Nel voler sostenere che essere genericamente “una coppia” (o altro tipo di gruppo sociale) sia di per sé l’unico requisito sufficiente per accedere all’istituto del matrimonio, si perde di vista che la questione non è (e non può essere) la legittimità di ciò che avviene in una relazione tra adulti consenzienti, quanto piuttosto l’equiparazione forzata di realtà sociali profondamente diverse per costituzione, finalità, capacità di garantire i diritti inviolabili dei bambini e coerenza con l’assetto generale della società.

Se il matrimonio non è più quello tra uomo e donna, ma tra persone che generalmente “si amano” allora non si vede perché negarlo a tre o più amanti che decidano di vivere insieme, non necessariamente di sesso diverso, o a quattro, cinque, e via dicendo, con conseguenze evidentemente paradossali ed insostenibili: quante forme di matrimonio possibili si possono inventare?
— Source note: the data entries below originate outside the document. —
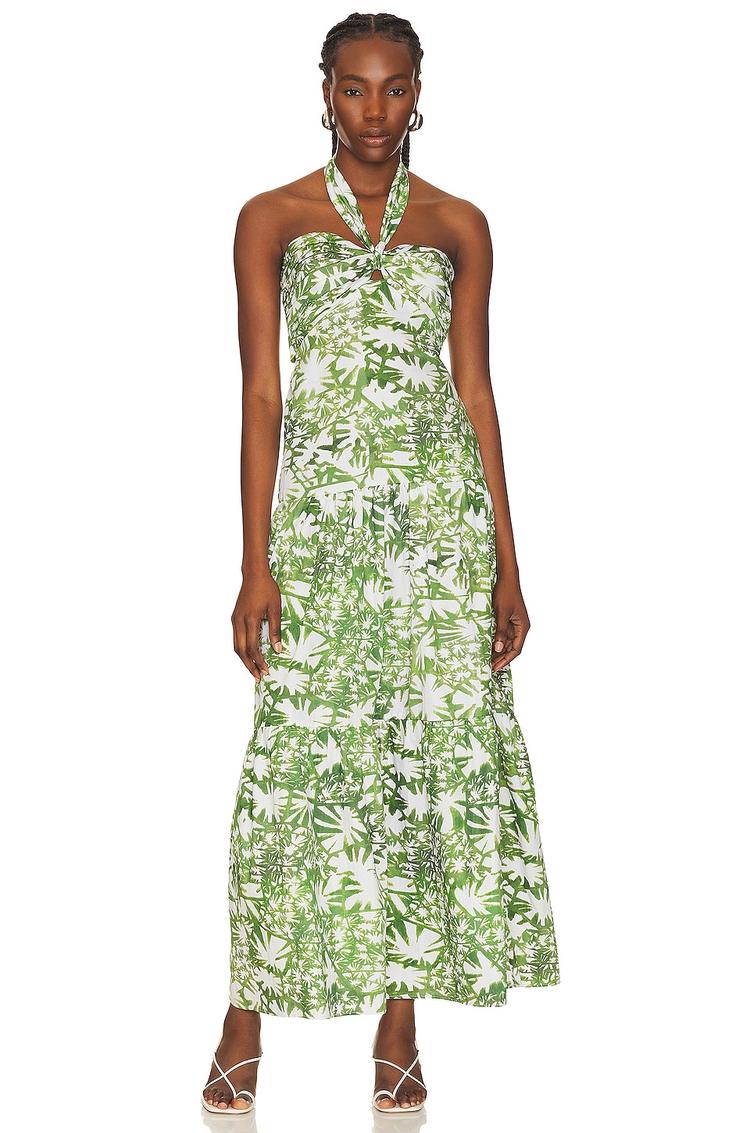 Sun-drenched days call for this flowy A-Line maxi dress featuring a vibrant all-over floral print in matte green and white. The halter neck with a twist detail at the bust and a subtle keyhole cut-out adds a playful yet elegant touch. Designed in breathable 100% cotton, it offers casual chic comfort perfect for spring and summer occasions like brunch, beach vacations, or date nights. The tie-back closure enhances its relaxed fit and bohemian vibe, making it a versatile piece for effortless warm-weather style.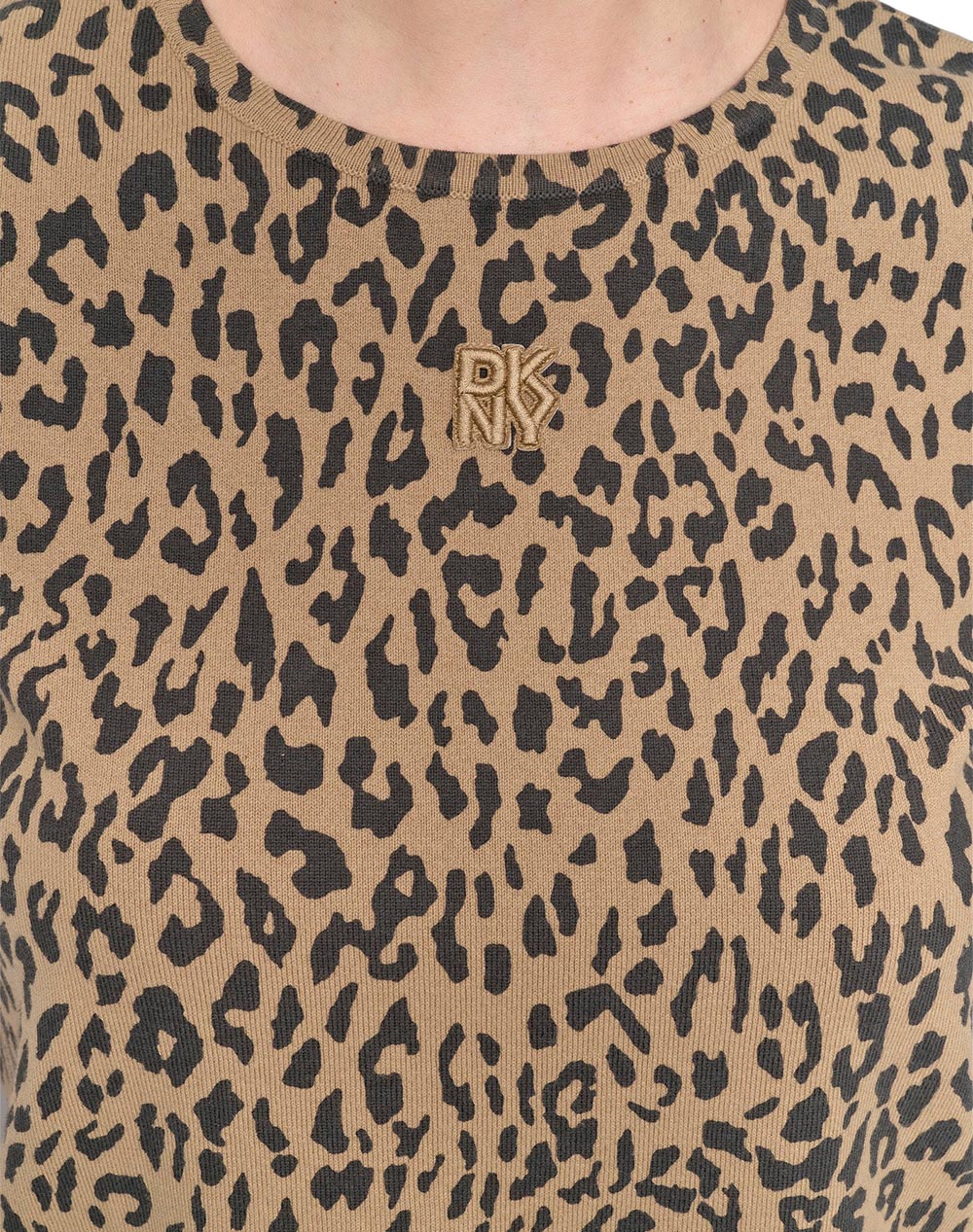 Γυναικεία μπλούζα, σε κανονική γραμμή, κοντομάνικη, με στρογγυλή λαιμόκοψη και animal print μοτίβο. (Σύνθεση: 73% Βαμβάκι, 27% Νάιλον)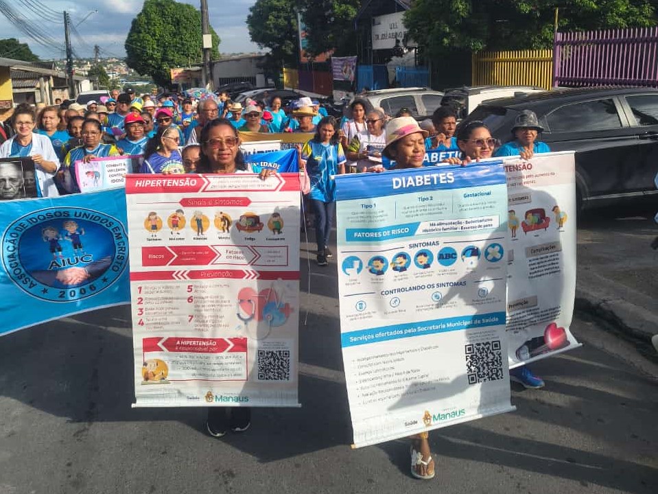 A Prefeitura de Manaus promoveu uma ação de saúde, na manhã desta quarta-feira, 25/6, voltada à conscientização sobre a importância da prevenção e controle da diabetes e ao combate à violência contra a pessoa idosa. A atividade, coordenada pela Secretaria Municipal de Saúde (Semsa), ocorreu no bairro Jorge Teixeira, zona Leste, e teve a participação de mais de 200 pessoas, integrantes de grupos de idosos, profissionais de saúde da rede municipal e usuários em geral.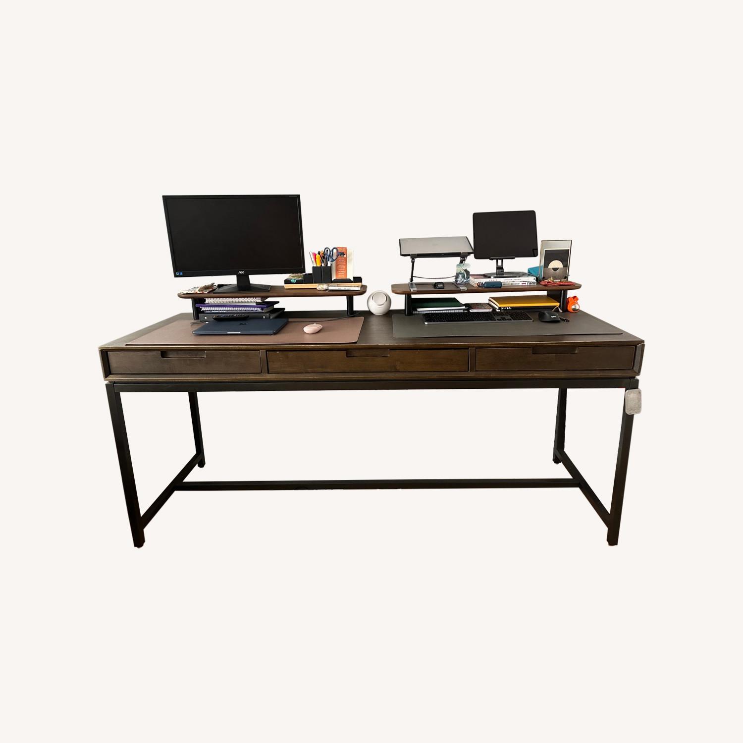 Seller's Notes:Large office desk with plenty of workspace in EXCELLENT CONDITION. Perfect for 2 people or for extra room. Minor scratches at cabinet handles from use.

Chi ragiona in questo modo, perde di vista che gli eventuali benefici legati al matrimonio non sono concessi ai singoli cittadini, bensì alla famiglia, ovvero alla forma sociale con cui uomo e donna si sono impegnati a garantire il futuro della società tramite il seguito delle generazioni.

Di più. La normalità e la finalità in questione non sono del singolo individuo, quanto piuttosto quella della coppia che si unisce col vincolo del matrimonio con lo scopo implicito di poter garantire la cellula sociale primaria ed idonea per accogliere la nuova vita.

Per questo, come aveva già spiegato l’antropologo Claude Lévi-Strauss, “Se è vero che la natura ha espulso l’uomo, e che la società persiste ad opprimerlo, l’uomo può almeno rovesciare a proprio vantaggio i poli del dilemma, e ricercare la società della natura per meditare in essa sulla natura della società [...] La società appartiene all’ambito della cultura, mentre la famiglia è l’emanazione, a livello sociale, di quei requisiti naturali senza i quali non ci potrebbe essere la società, né, in fondo, il genere umano. L’uomo può vincere la natura solo conformandosi alle sue leggi. Perciò la società deve dare alla famiglia un quid di riconoscimento“. (C. Lévi-Strauss, Razza e storia e altri studi di antropologia, Einaudi, pp. 92 e 176).